Projects since graduating
Project - Marvel DEI
Marvel - DEI - Phase 5 - Study Aug 2024
Main Hypothesis (working theory)
Marvel is the top-grossing franchise in the world ever! With over $12B domestically and $30B worldwide. Between 2008 - 2027 (19 years, released 45 movies). Marvel has released 30 more movies than the running-up franchise, Star Wars, with 15 films, $5B domestically and $10B worldwide between 50 years 1977-2027.
Recently, there has been much talk about DEI, Disney's leading their invisible hand in the Marvel Universe, Marvel's downfall, their recent cash grabs, and the newest film, Deadpool and Wolverine, which was the first successful $1 billion film since Endgame in Phase 3.
About:
I want to run statistical analytics on all of Marvel's movies and TV shows before and after Disney bought out Fox to see if there is any correlation between certain movies, characters, directors, actors/actresses, time of the year, critic scores, rotten tomatoes, and personal reviews from IGN and Google in order to judge and project what the film would make a good opening box office weekend given certain parameters.

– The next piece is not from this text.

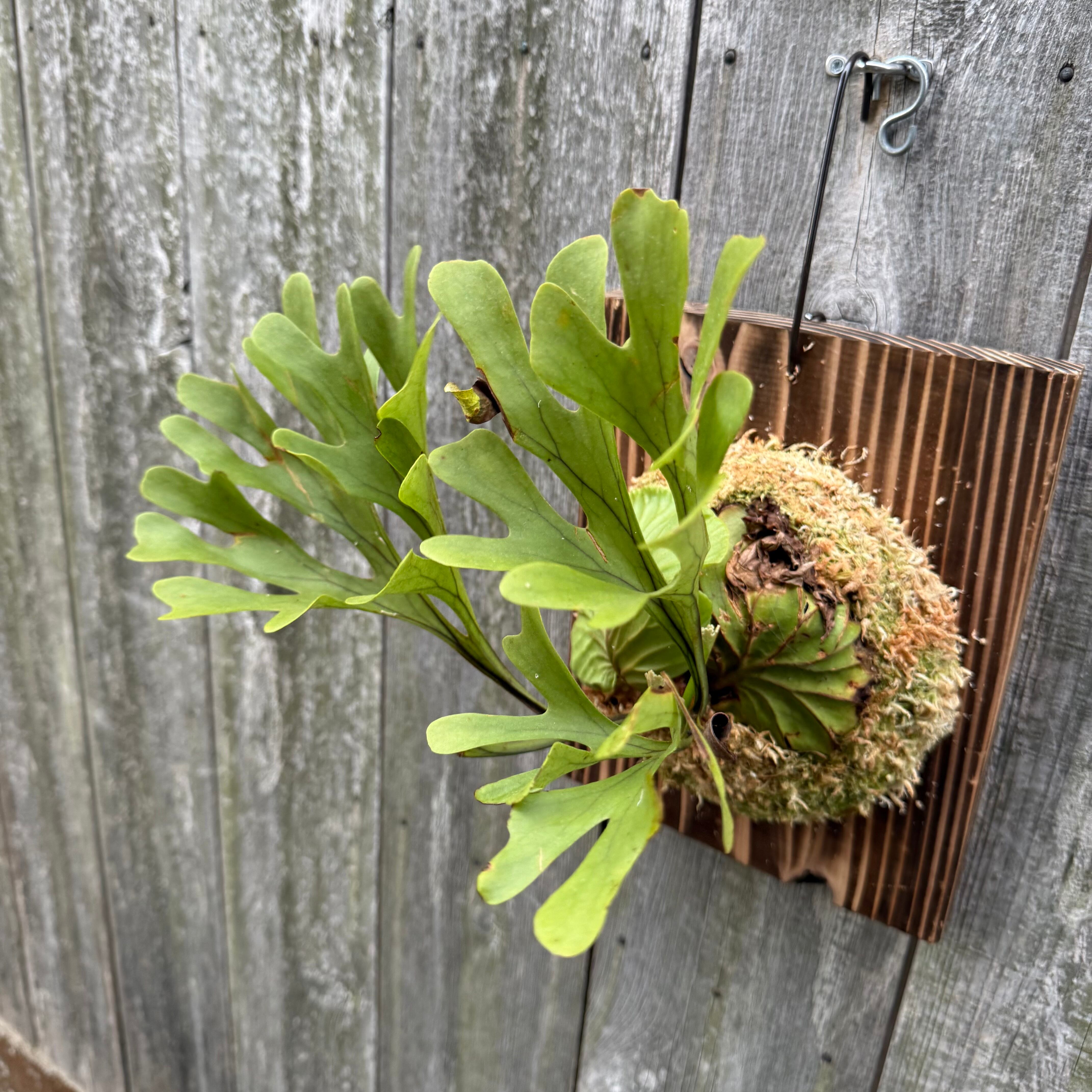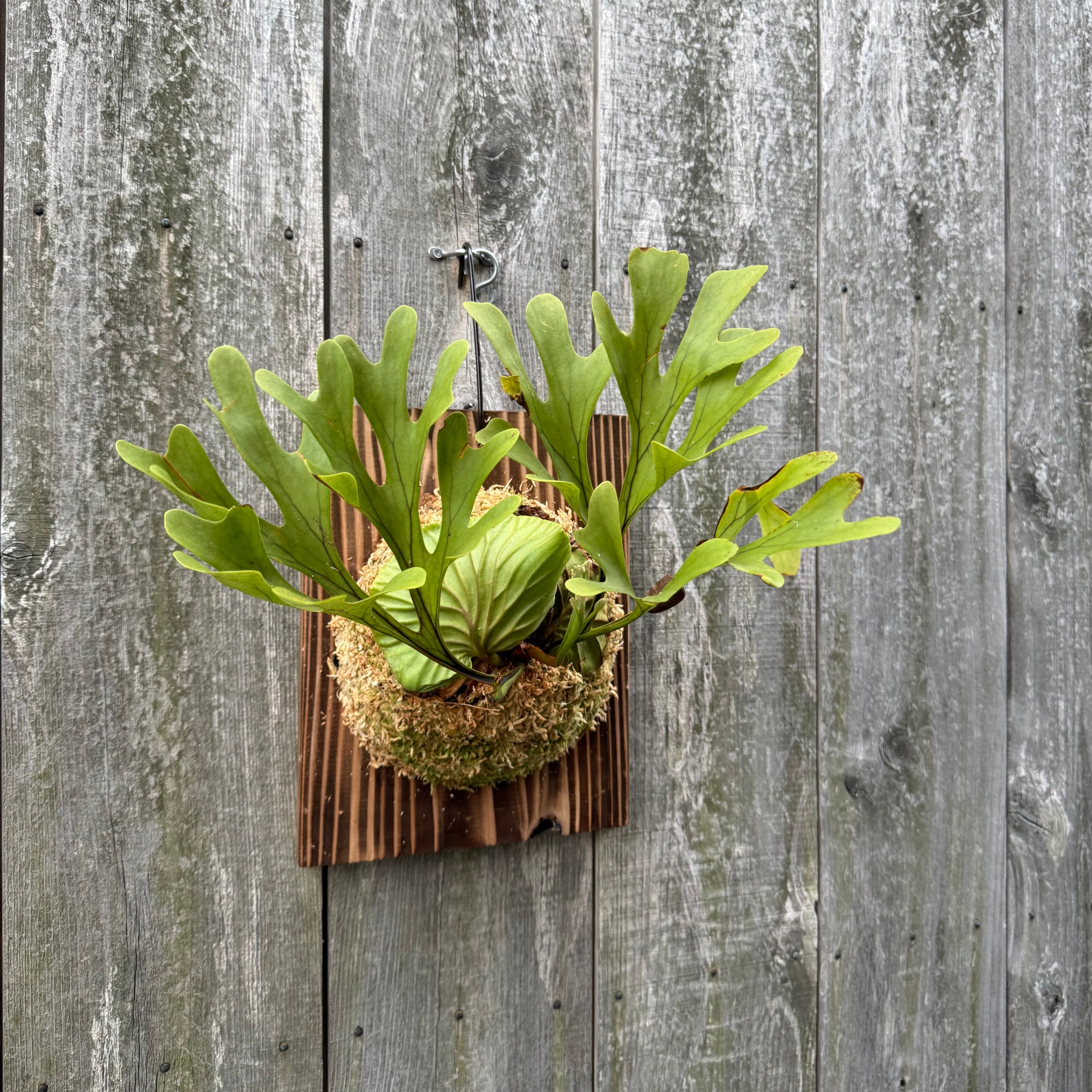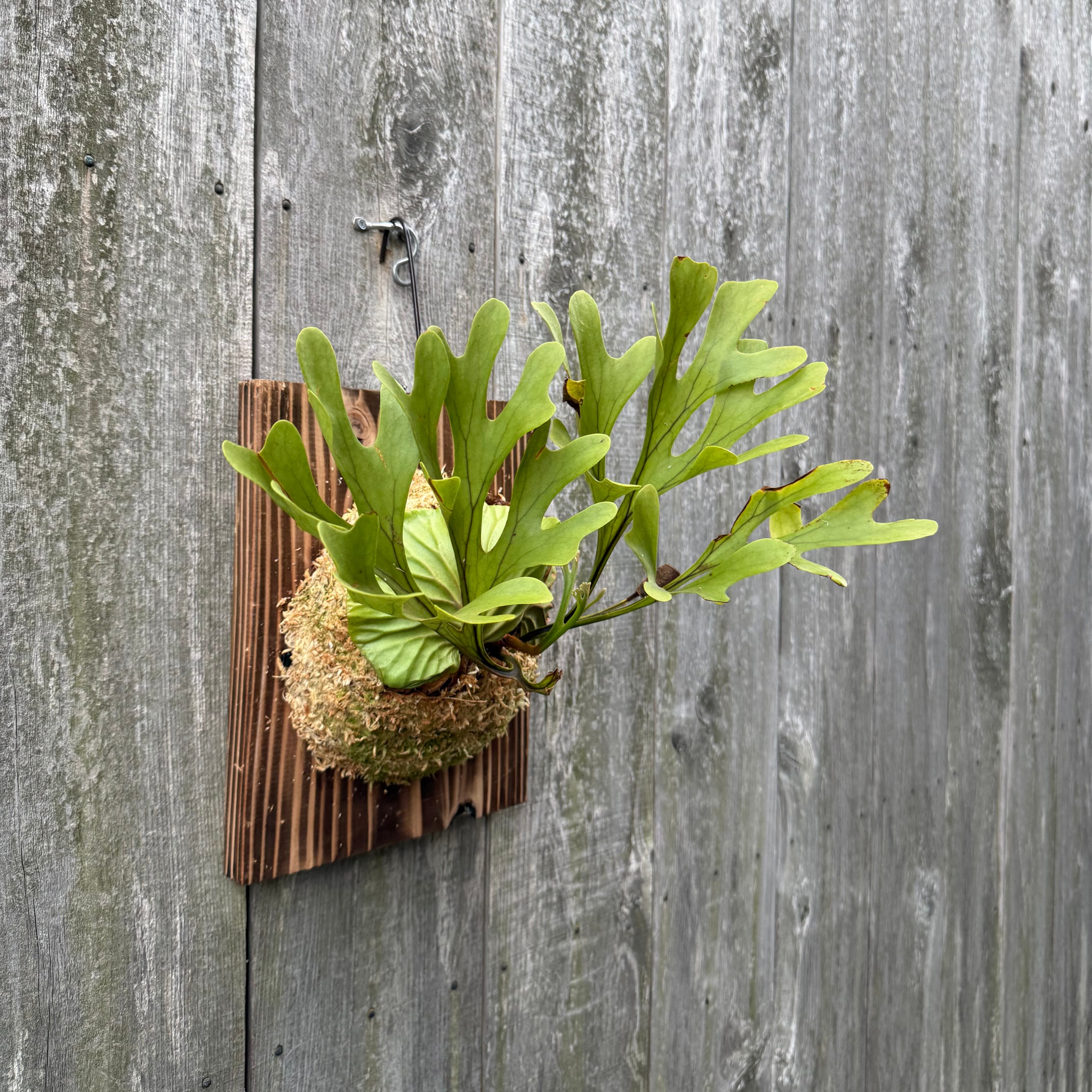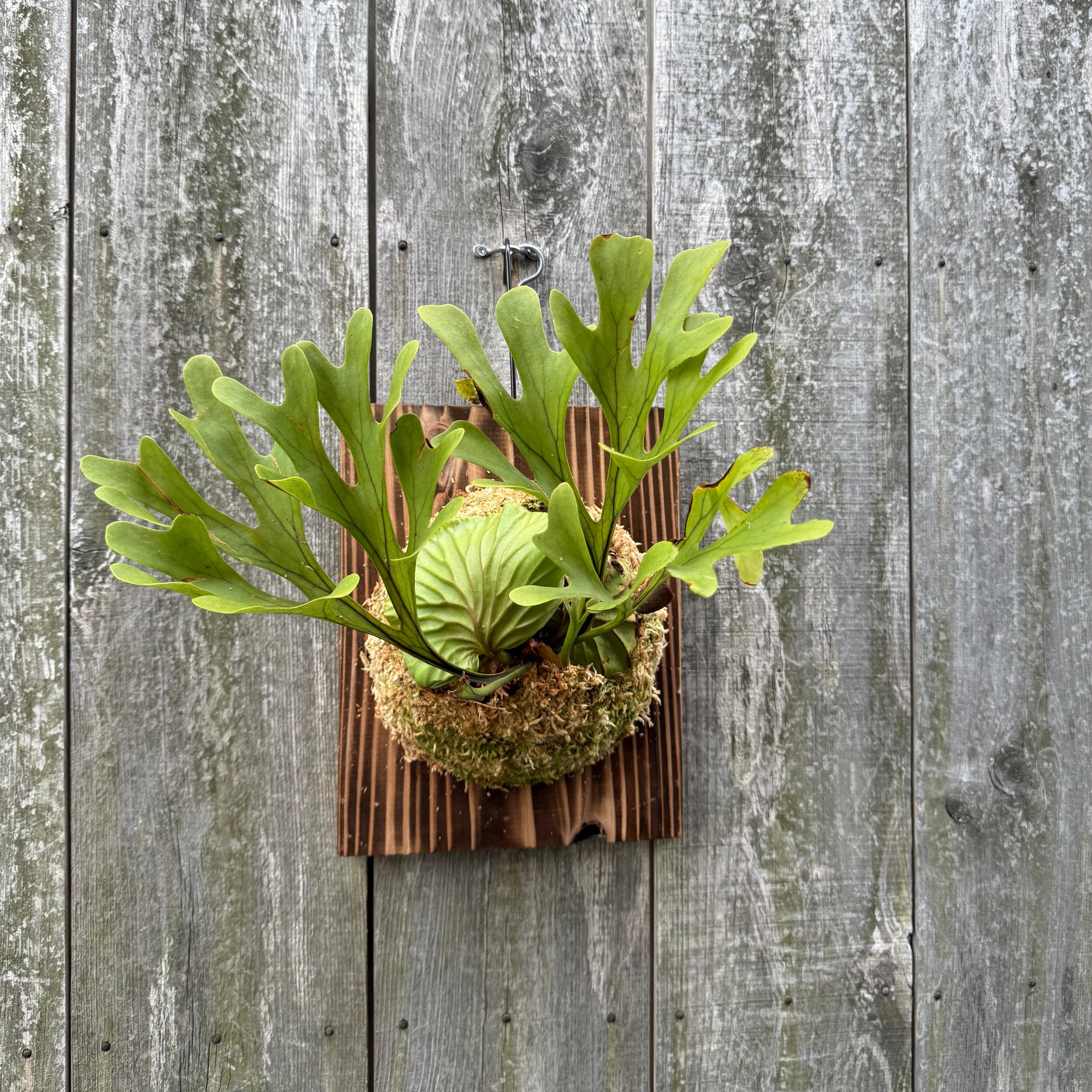 ワイルド株ならではの胞子葉、貯水葉には痛みや傷はありますが、胞子栽培よりも強靭で味があります。成長点からは新しい葉の成長もしっかりとあります。管理しやすい焼板につけております。お部屋のインテリアにいかがでしょうか。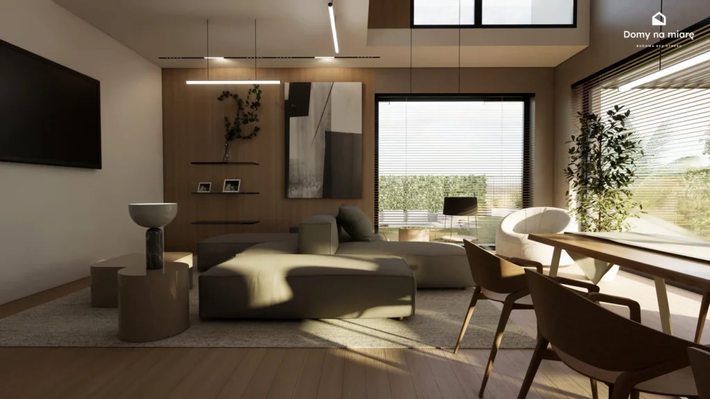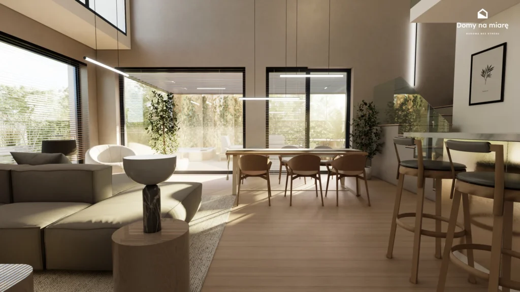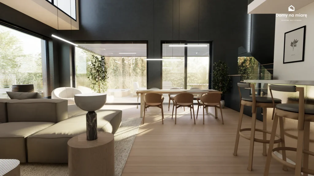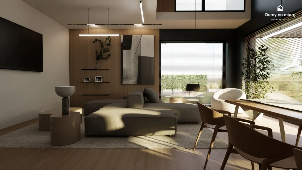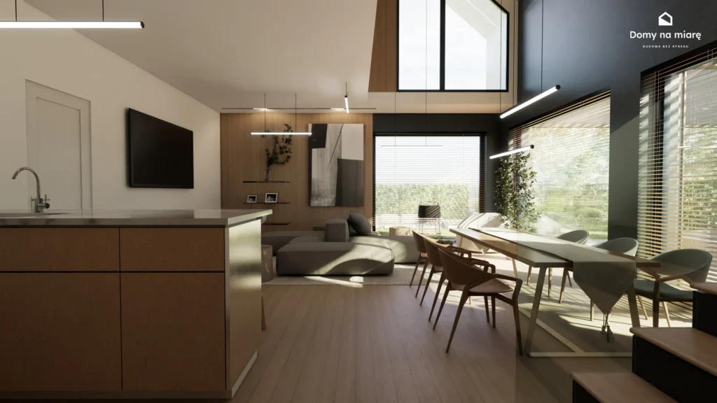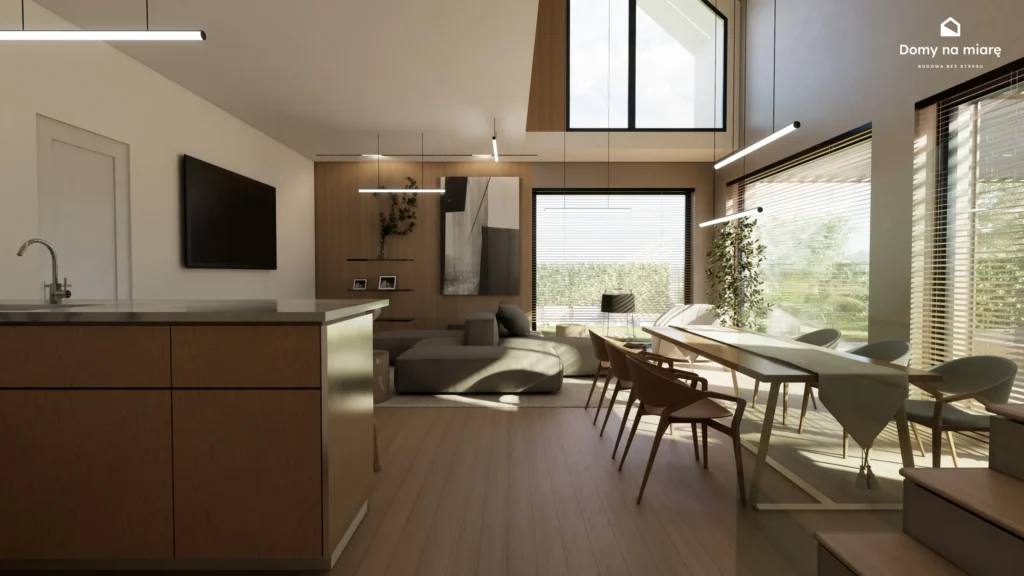 Przestronny salon z wysokim sufitem i widokiem na ogród – idealne miejsce na wspólne chwile z najbliższymi. Trapezowe okna doskonale doświetlają przestrzeń i robią wrażenie

How we can statistically analyze Marvel Movies: A Complex Challenge
First, we should define "bad".
1. Box office performance (total gross rev, opening weekend gross, budget, ROI, tickets sold)
2. Critical reception (Rotten Tomatoes, Metacritic)
3. Audience ratings (Analysis of social media platforms to gauge audience opinion, age, gender, location, and other relevant demographics of the audience, IMDb, Letterboxd)
4. Movie metadata (release date, runtime, genre, director, cast main, production comp, distro company)
4. Specific metrics (plot complexity, character development, action sequences, humor, awards won, nominations, merch sales_
Of course, each of these criteria will require different data collection and analysis methods.
Data Collected
Once we define "bad," I will gather relevant data, which might include:
Box office figures: total gross, opening weekend, budget, ROI
Critical reviews: scores from Rotten, Metacritic, and others
Audience ratings: IMDb, Letterboxd, and other user-generated rating systems.
Social media sentiment: analyzing tweets, Instagram posts, Facebook comments
Movie metadata: Genre, release date, release order, director, cast, budget, runtime. etc.
Statistical Analysis
Depending on the data I collect, I will employ various statistical methods:
Descriptive stats: Mean, median, mode, standard deviation for box office, ratings, etc.
Correlation analysis: examine relationships between variables (e.g., budget vs. box office, critic score vs. audience scores, etc.)
Hypothesis testing: test specific assumptions about the data (e.g., is there a significant difference in box office performance between Phase 3 and Phase 4)
Regression analysis: Model the relationship between dependent and independent variables (e.g., predict box office based on budget, genre, and critic score)
Sentiment analysis: Analyze social media data to gauge overall sentiment towards specific movies or franchises.
Additional Considerations
Subjectivity: Film criticism is inherently subjective. Quantitative data can provide insights, but it won't capture the nuances of artistic merit.
Outliers: Blockbuster movies with exceptionally high or low performances can skew results. Consider using robust statistical methods to handle outliers.
Data quality: Ensure the accuracy and reliability of my data sources
Contextual factors: consider factors like competition, economic conditions, and cultural trends that might influence movie performance.
Tools and Software
Excel: Basic data analysis and visualization for smaller datasets
Specialized movie databases: Box Office Mojo, Rotten, IMDb
R-studio: statistical modeling and analysis
Social media APIs: for collecting and analyzing social media data.
SAS: To run tree analysis, correlation, and other statistical heavy modeling such as decision trees and classification.
PowerBi: Sentiment analysis, trend analysis, regression, clustering, data transformation
Tableau: Data visualization, time series, calculated fields, table calculations, etc.,
Conclusion testing
Core question: Has DEI impacted Marvel's box office performance?
Direct impact: Does including diverse characters or storylines correlate with higher or lower box office revenue?
Indirect: Have changes in audience demographics or societal attitudes towards DEI influenced overall box office trends for Marvel films?
Other potential conclusions
Identifying box office success factors: Which factors (budget, genre, director, release date, etc.) correlate most strongly with box office success?
Predictive modeling: Based on available data, can I build a model to predict a movie's box office performance?
Phase analysis: How does box office performance compare across different Marvel Phases? And is there any indication of which phase saw the most decline?
Audience segmentation: Are there specific audience segments that drive box office success for particular types of Marvel films?
Word to the reader
Please remember: correlation does not equal causation. While I can identify relationships between variables, it's essential to consider other factors that might influence box office performance.